If your religion tells you to discriminate, you’re following the wrong one

Angry man staring at camera with hands folded in prayer

If your religion teaches you to discriminate, you're following the wrong one. Shutterstock

Long, long ago in a land far, far away at the world’s Middle East, then under Roman rule, a man with ivory white skin and long flowing blond hair (really, I thought you said he was from the Middle East?) proclaimed:

Thou shall not eateth cake if thou expecteth to marry someone of thine own sex, for it is an abomination. If thou eateth said treat, thou shall burneth in the flames of the deep hot confectionery hellhole for eternity!”

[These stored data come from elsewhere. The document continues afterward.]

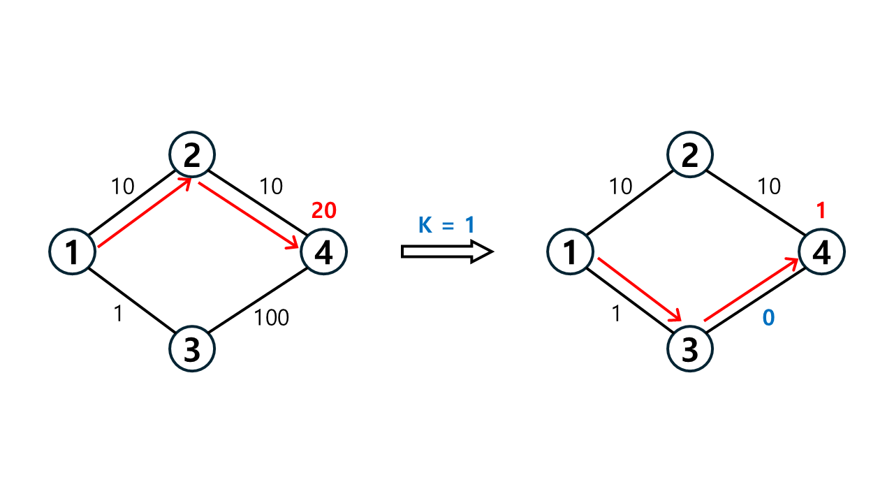 문제 예시에서 K가 3으로 주어지는 경우가 이러한 경우에 해당한다. 시작점에서 도착점까지 도로를 2개 거치는데, 도로 3개의 값을 무시하고 이동하면 도착점이 아닌 노드에 도달하게 된다.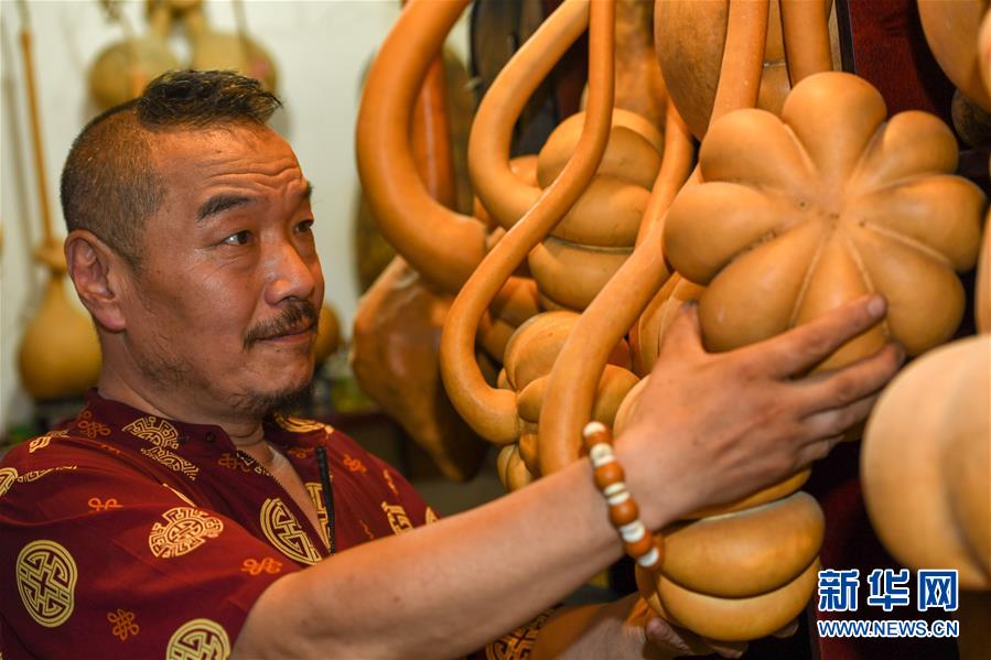8月5日,侯景偉挑選適合創(chuàng)作的葫蘆。今年55歲的吉林四平人侯景偉自幼與家人學(xué)習(xí)雕刻、烙畫藝術(shù)。經(jīng)過多年潛心研究,他將浮雕和烙畫工藝相結(jié)合,通過拋光、起稿、雕刻、烙燙、套色等十余道工藝,制作展現(xiàn)傳統(tǒng)文化、民俗故事的葫蘆工藝品。2020年,侯景偉被評為四平市非物質(zhì)文化遺產(chǎn)項(xiàng)目侯氏葫蘆雕刻烙畫代表性傳承人。他說:“希望有更多人加入到非遺傳承隊(duì)伍中,讓小葫蘆‘講’出更多民俗故事?!毙氯A社記者張楠攝
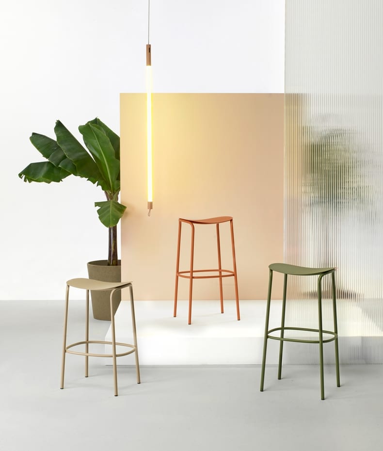 Take the new Blaine stool as an example: it is available in bar height at H750 and counter height at H650mm.

While the historical Jesus of Nazareth never asserted any mention of sexuality, same-sex marriage, or the purchase and consumption of baked goods by gay couples, people with same-sex attractions and love interests have suffered persecution throughout the ages on “religious” grounds.

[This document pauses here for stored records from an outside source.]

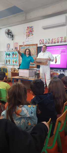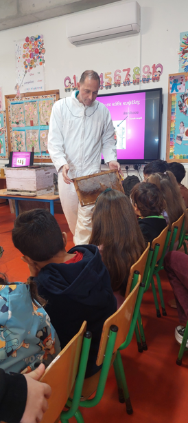 Τα παιδιά του σχολείου μας συμμετείχαν σε ένα πολύ ενδιαφέρον εργαστήρι για τις μέλισσες και το μέλι. Έμαθαν πολλές πληροφορίες και έφτιαξαν κυψέλες και κεριά.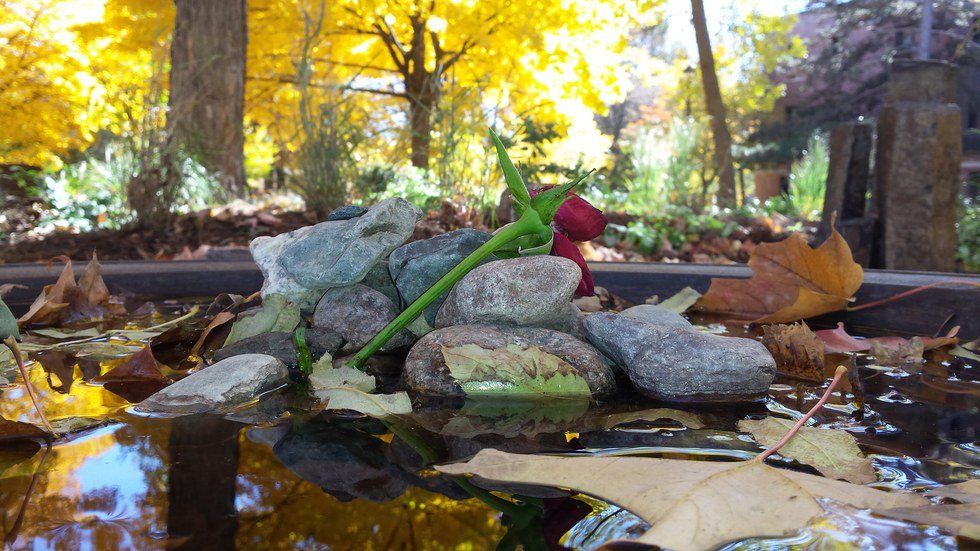 They took the meditation labyrinth. A guy and a girl, both sporting college apparel, lounging against the rocks in the middle, believing they are secluded. A whole winding pathway separates them from the world, though in reality their paradise island is completely visible from a bench just fifty feet away.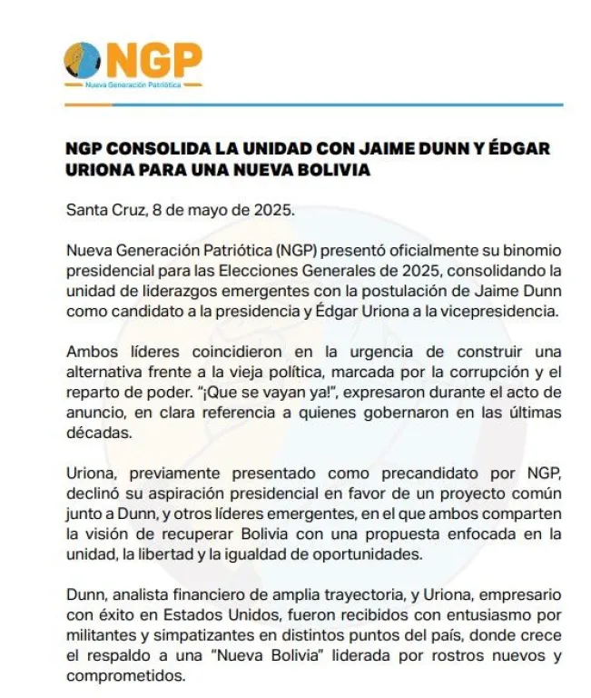 "Uriona, previamente presentado como precandidato por NGP, declinó su aspiración presidencial en favor de un proyecto común junto a Dunn, y otros líderes emergentes, en el que ambos comparten la visión de recuperar Bolivia con una propuesta enfocada en la unidad, la libertad y la igualdad de oportunidades", agrega el comunicado.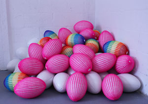 Die uitstalling bestaan meestal uit rugbyballe en akriel-garing. Daar is omtrent 150 balle en omtrent 18 km gare gebruik.
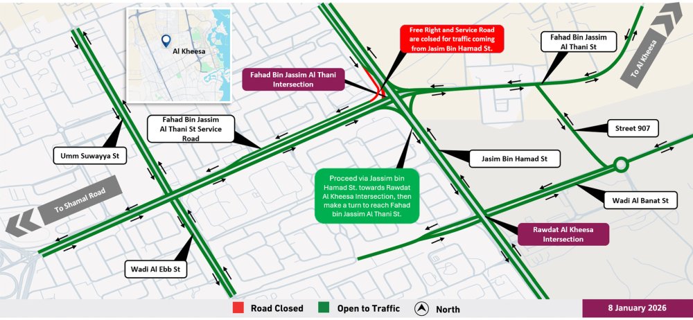 ജാസിം ബിൻ ഹമദ് സ്ട്രീറ്റിൽ നിന്ന് ഫഹദ് ബിൻ ജാസിം അൽ താനി സ്ട്രീറ്റിലേക്ക് പോകുന്ന വാഹനങ്ങൾക്കുള്ള സർവീസ് റോഡ് 2026 ജനുവരി 12 മുതൽ താത്‌കാലികമായി അടച്ചിടുമെന്നാണ് അധികൃതർ അറിയിച്ചിരിക്കുന്നത്. ഇവിടെയുള്ള ഫ്രീ റൈറ്റും താത്കാലികമായി അടച്ചിടുന്നതാണ്.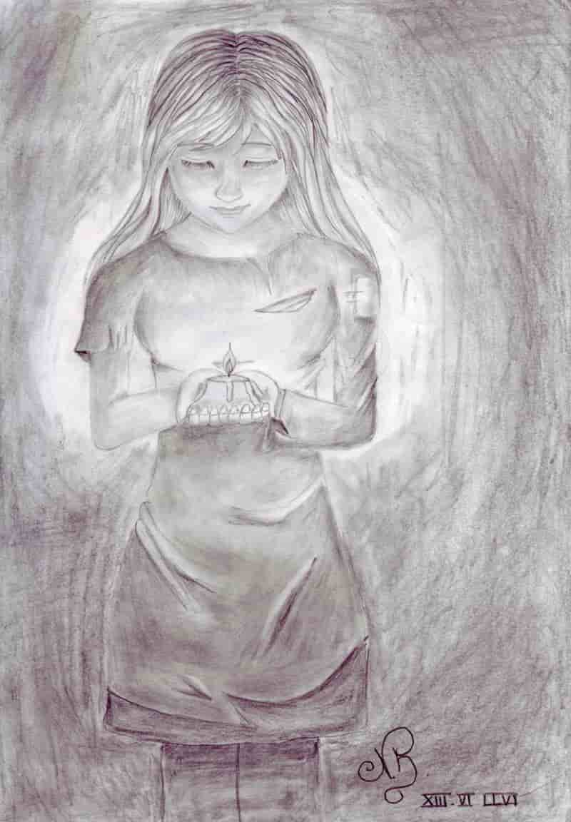 Mal wieder ein Bleistiftbild, an manchen Stellen wirken die Flächen etwas unruhig.Auch wenn dies im HG beabsichtigt war.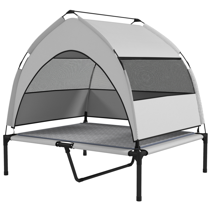 Elevated Dog Bed With Removable Canopy, Portable Outside Raised Pet Cot With Cooling Pad, Storage Bag, 42 X 30 X 37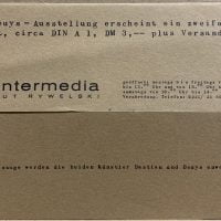 15 x 10.5cm, 1pp announcement card with a typographic design for a group show with Alvermann, Beuys, Spoerri, Uecker, Walther and Vostell. VG+.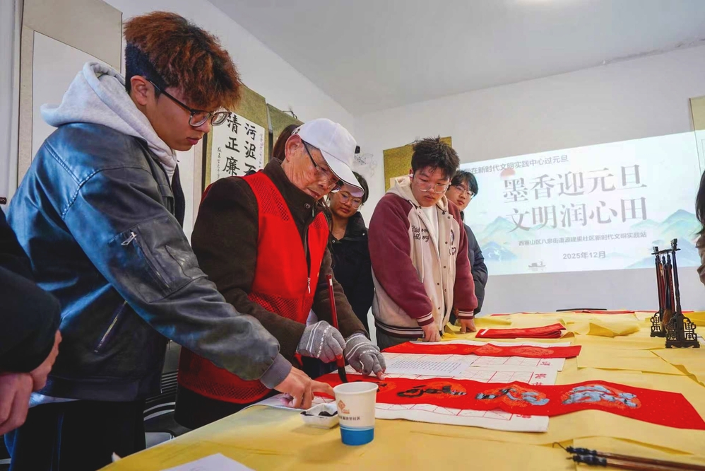 墨香迎元旦,文明润心田:我院学生参与源建里社区书法活动喜迎新年

For centuries, individuals and organizations have employed religious dogma to justify the marginalization, harassment, denial of rights, persecution, and oppression of entire groups of people based on their social identities.

At various historical periods, people have applied these texts, sometimes taken in tandem, and at other times used selectively, to establish and maintain hierarchical positions of power, domination, and privilege over individuals and groups targeted by these texts and tenets.

The United States was founded on Christian justifications for oppression, slavery, interracial marriage, women’s disenfranchisement, and restrictions on voting rights.

“States rights” and “religious beliefs” have long served as the battle cries for state legislators to deny LGBTQ people the rights summarily granted to their heterosexual and cisgender counterparts. Today, no national laws require all states to protect LGBT people from discrimination in employment, housing, public accommodations, counseling, insurance, and other areas.

Currently only 22 states, plus the District of Columbia and Puerto Rico have passed non-discrimination laws in housing, for example, protecting people’s rights based on sexual orientation, and 19 states, plus the District of Columbia and Puerto Rico, based on gender identity and expression.

How can anyone possibly defend the clear and undeniable contradiction between a religion’s commandment, in various forms, to love one’s neighbor as oneself, with a baker’s refusal to bake a confectionery or a photographer’s refusal to preserve joyous moments, or an employer’s refusal to hire a fully qualified and committed employee?

The Supreme Court’s recent 7-2 decision ruling in favor of the Masterpiece Cakeshop in Colorado and the owner’s refusal to bake a wedding cake for a same-sex couple, while limited to the scope of this one case, nonetheless has wide-ranging implications.

Aside from legal issues, what can we infer from those religions that justify discriminatory treatment of other human beings? Religions promoting discrimination against same-sex couples purchasing cakes are religions lacking in moral authority!